What is the health and social care bill?
Essentially, it is the legislative machinery that allows the government to take forward some of the reforms it outlined in the NHS plan published in July 2000 - a plan to "modernise and rebuild" the health service and "reshape" the NHS from the patients' point of view.

What's in the bill?
A miscellaneous range of measures relating to primary care, long-term care of the elderly, local government scrutiny of the NHS, patient advocacy, nurse prescribing, creation of care trusts, employment issues, and NHS drugs dispensing.

Doesn't sound wildly exciting..
Funnily enough, it is rumoured that the government - which announced the bill in the Queen's speech in December 2000, and published it shortly before the Christmas break - was expecting it to pass through parliament largely untroubled by controversy, mainly because of its unexciting technical nature.

Don't tell me - all hell broke loose
Well, it would be wrong to say it set the Commons ablaze, but it did cause a (partly successful) Labour backbench rebellion - over the abolition of community health councils (CHCs) - and is likely to stumble in the Lords over widely disputed proposals to give the health secretary powers to disclose confidential patient information. Care trusts have also proved controversial, as have government plans to fund long term care of the elderly. 
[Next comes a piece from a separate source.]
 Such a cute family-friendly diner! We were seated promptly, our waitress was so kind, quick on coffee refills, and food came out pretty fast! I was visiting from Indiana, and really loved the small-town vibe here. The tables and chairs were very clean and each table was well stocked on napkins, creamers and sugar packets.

Tell me more about these controversial issues

• CHCs - local independent NHS consumer watchdog organisations - will be scrapped on the grounds that they are outdated and largely failed to act as patient advocates. Opponents have argued that this will dilute the democratic accountability of the NHS to local communities.

• The principle of patient confidentiality is a bedrock of medical practice, and clinicians must get consent from patients to use their medical files for research. The government wants to give the health secretary powers to disclose patient information where it is in the public interest, for example cancer research. Critics have dubbed it "Orwellian" in scope.
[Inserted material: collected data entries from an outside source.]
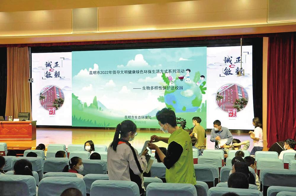9月20日,昆明市生态环境局联合云南大学附属中学,开展昆明市2022年生物多样性保护宣传进校园暨生态环境保护志愿服务进校园活动,旨在倡导师生积极践行文明、健康、绿色、环保的生活方式。
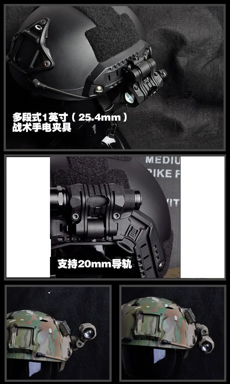 Nuevo soporte para linterna táctica desmontable rápido, Spinner de luz, Stents giratorios para casco MICH FAST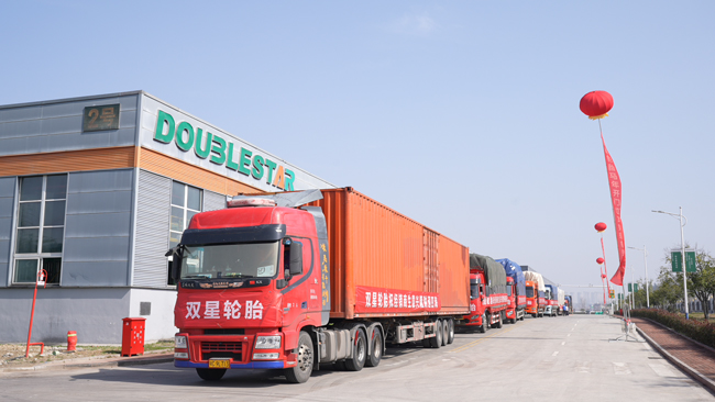 数十辆货车整齐列队,满载卡客车轮胎与乘用车轮胎,依次发车。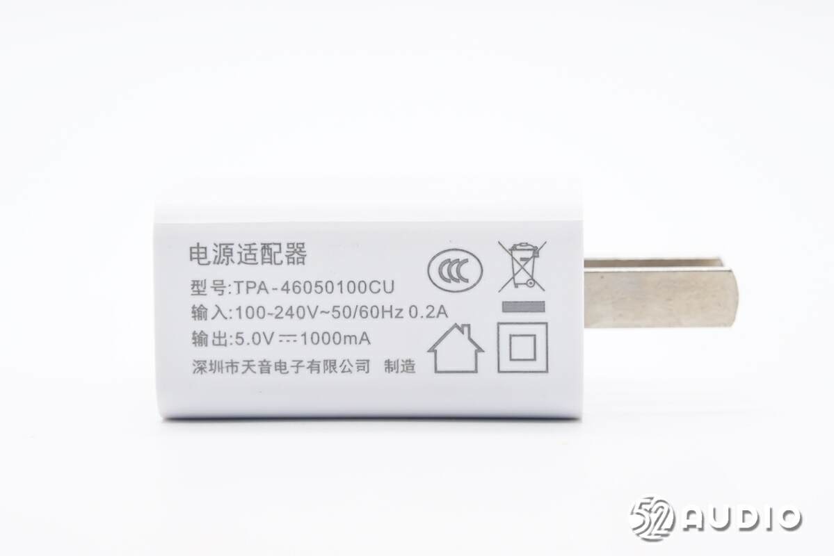 电源适配器型号:TPA-46050100CU,输入:100-240V~50/60Hz 0.2A,输出:5V-1000mA,深圳市天音电子有限公司制造。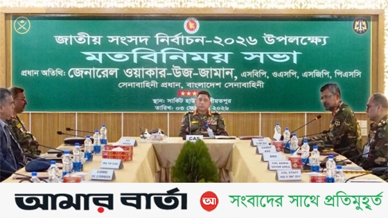 আজ আন্তঃবাহিনী জনসংযোগ পরিদপ্তরের (আইএসপিআর) এক সংবাদ বিজ্ঞপ্তিতে জানায়, সেনাবাহিনী প্রধান শরীয়তপুর জেলা সার্কিট হাউজের সম্মেলন কক্ষে ঊর্ধ্বতন পর্যায়ের সামরিক কর্মকর্তা, ঢাকা বিভাগের শরীয়তপুর, ফরিদপুর ও মুন্সিগঞ্জ জেলার বিভিন্ন আইনশৃঙ্খলা রক্ষাকারী বাহিনী ও অসামরিক প্রশাসনের কর্মকর্তাদের সঙ্গে মতবিনিময় করেন। মতবিনিময়কালে আসন্ন জাতীয় সংসদ নির্বাচনকে শান্তিপূর্ণ, নিরপেক্ষ ও সুষ্ঠুভাবে সম্পন্ন করার লক্ষ্যে আন্তঃপ্রাতিষ্ঠানিক সমন্বয় এবং সামগ্রিক নিরাপত্তা ব্যবস্থাপনা নিয়ে আলোচনা হয়।

• The government wants to pay for nursing care for elderly people in long term residential care - but it has disappointed critics by refusing to also pay for personal care, such as bathing and washing. During the passage of the bill, the Scottish Executive decided personal care would be available to patients in Scottish homes, piling further pressure on UK ministers to change tack. So far, however, they've not done so.

• Care trusts propose combining health and social services under one administrative roof to ensure "seamless delivery" of care. They will, however, be NHS bodies, and local authorities are concerned that this effectively represents a takeover of social services, which are democratically accountable to local authorities, by the NHS, which is not accountable in the same way. Some critics would also argue that the Health Act 1999 allows everything that care trusts can do to be done anyway - without the alleged NHS takeover.

Have ministers backtracked on any part of the bill?
On the whole, no. The government had a loyal majority on the all-party group scrutinising the bill at committee stage, which nodded through all its clauses, and of course, a massive majority on the floor of the Commons to ease its passage through second and third reading. Rebel backbenchers did however force the government to compromise on the abolition of CHCs (though they couldn't prevent abolition) and there may be more ructions in the Lords. Not much will happen to change the original bill, however, unless the government decides it wants to change it.